Jung pointed out that no alchemist ever laid claim to having gone beyond the second stage, but he emphasized that how far the alchemist succeeded in his endeavors is really much less important than the fact that he was gripped by the numinous archetype behind his effort, so that he went on trying without interruption throughout his whole life. ~Barbara Hannah, Jung: His Life and His Work, Page 227

Dorn was an exception in that he tried to reach a third stage, which he called the union with the unus mundus.

Dorn did not, however, regard this as the outer world but as the potential one world from which everything was created, and his highest aim was to reunite mankind with this unus mundus, this potential world of the first day of creation when everything was still one. ~Barbara Hannah, Jung: His Life and His Work, Page 227

This is possible only after the soul has been reunited with the body, or the spirit with matter, in the second stage and man, or the content of the retort, has thus become strong and whole enough to stand the impact.

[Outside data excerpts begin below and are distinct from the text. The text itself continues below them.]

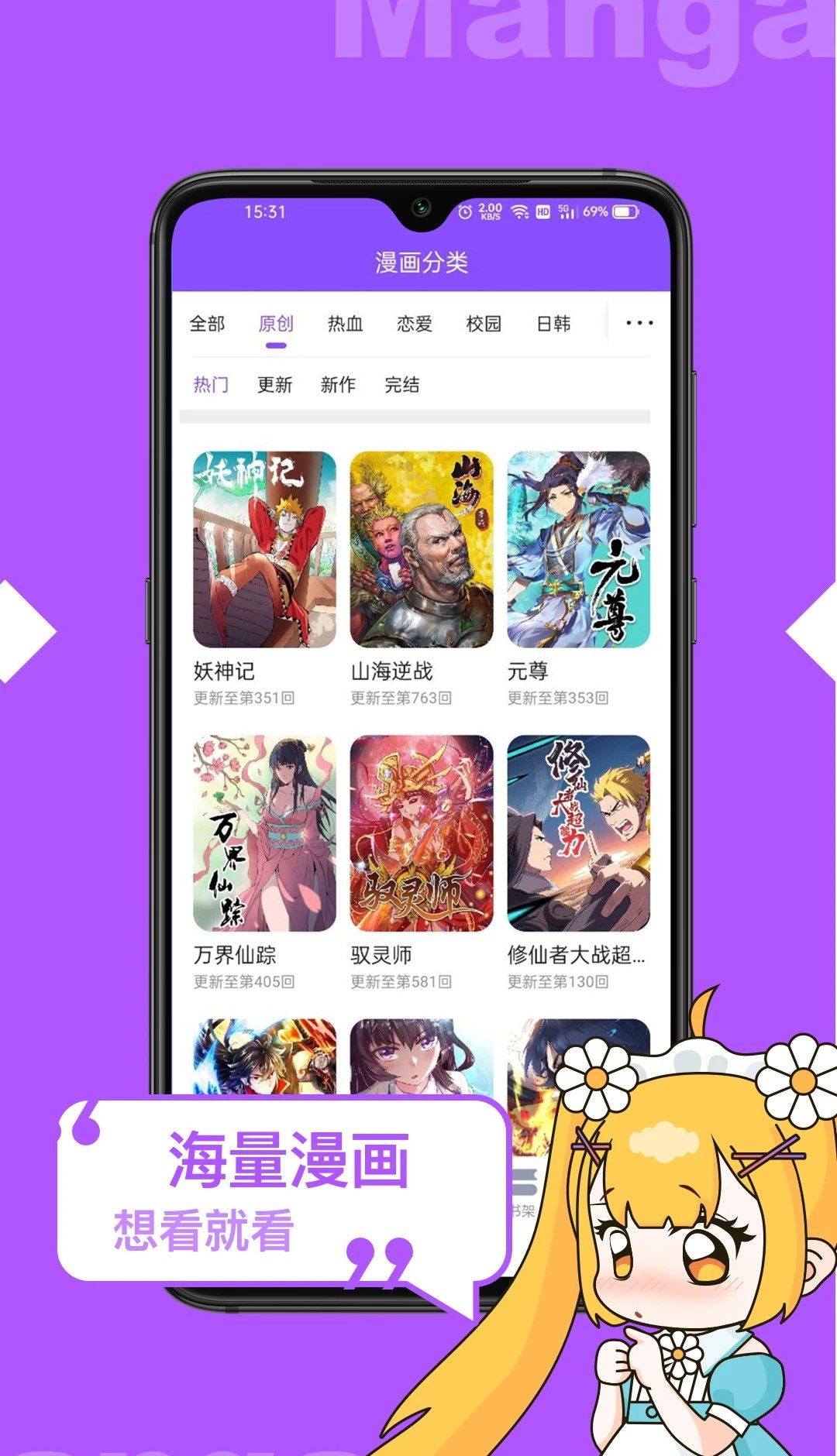 1、包括各种类型的漫画,如浪漫、热血漫画。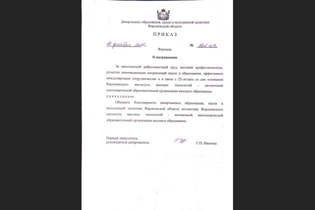 Департамент образования, науки и молодежной политики Воронежской области выразил благодарность Воронежскому институту высоких технологий за многолетний добросовестный труд, а также развитие инновационных направлений науки и образования.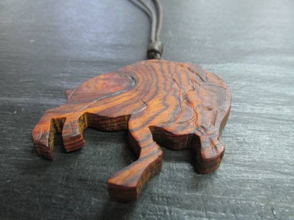 - ココボロオイルフィニッシュ闘牛正面動物彫刻ペンダント

This potential world is the foundation of everything, just as the Self is the basis of the individual and includes its past, present, and future. ~Barbara Hannah, Jung: His Life and His Work, Page 227

Jung said:

“Thethought Dorn expresses by the third degree of conjunction is universal: it is the relation or identity of the personal with the suprapersonal atman, and of the individual Tao with the universal Tao.” ~Barbara Hannah, Jung: His Life and His Work, Page 227

Western man thinks this a mystical idea because he has no experience of any world except the outer visible world, and he cannot therefore see that the Self enters three-dimensional reality when the ego touches the potential world, the unus mundus.

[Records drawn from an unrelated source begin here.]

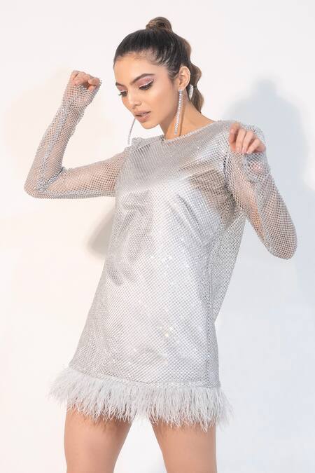 Silver dress with crystal mesh embroidery & feather on hem. Comes with slip.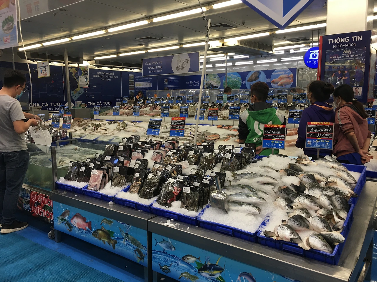 메가마켓 수산 코너가 제법 크게 자리를 잡고 있다. 살아 있는 광어부터 꽃게까지 그 자리에서 손질도 원하는 대로 해주기도 한다. (회를 떠주지는 않아요. 한국분들은 집에서 직접 떠서 드시는 경우가 있어요.) 연어의 경우는 이른 새벽에 그 자리에서 장만한 것을 사다오면 집에서 회로 쳐서도 먹을 수 있다. 살아 있는 새우는 그날 쪄먹거나 대하구이 해 먹으면 바로 그 맛입니다~ 캬~!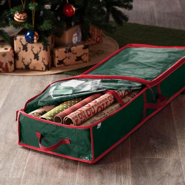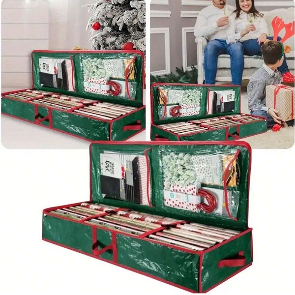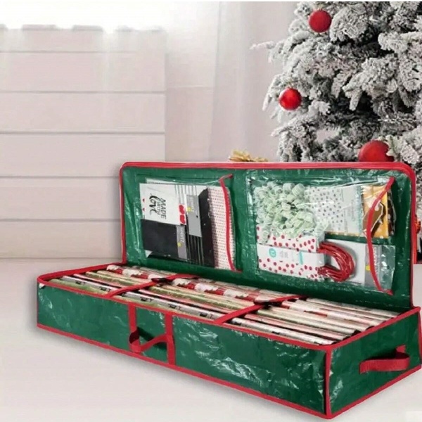 Šiame maiše, kuriame yra pakankamai vietos, saugomas visas šventinis vyniojamasis dovanų popierius, kad įtemptu šventiniu laikotarpiu viskas būtų vienoje vietoje ir lengvai pasiekiama.

Jung had just such an experience—as we have seen and often recalled—on the Athi Plains near Nairobi when he saw:

. . . the world as it had always been in the state of non-being. . . . There I was now, the first human being to recognize that this was the world, but who did not know that in this moment he had first really created it. There the cosmic meaning of consciousness became overwhelmingly clear to me.

“What nature leaves imperfect, the art perfects,” say the alchemists. Man, I, in an invisible act of creation put the stamp of perfection on the world by giving it objective existence. This act we usually ascribe to the Creator alone, without considering that in so doing we view life as a machine calculated down to the last detail, which, along with the human psyche, runs on senselessly, obeying foreknown and predetermined rules.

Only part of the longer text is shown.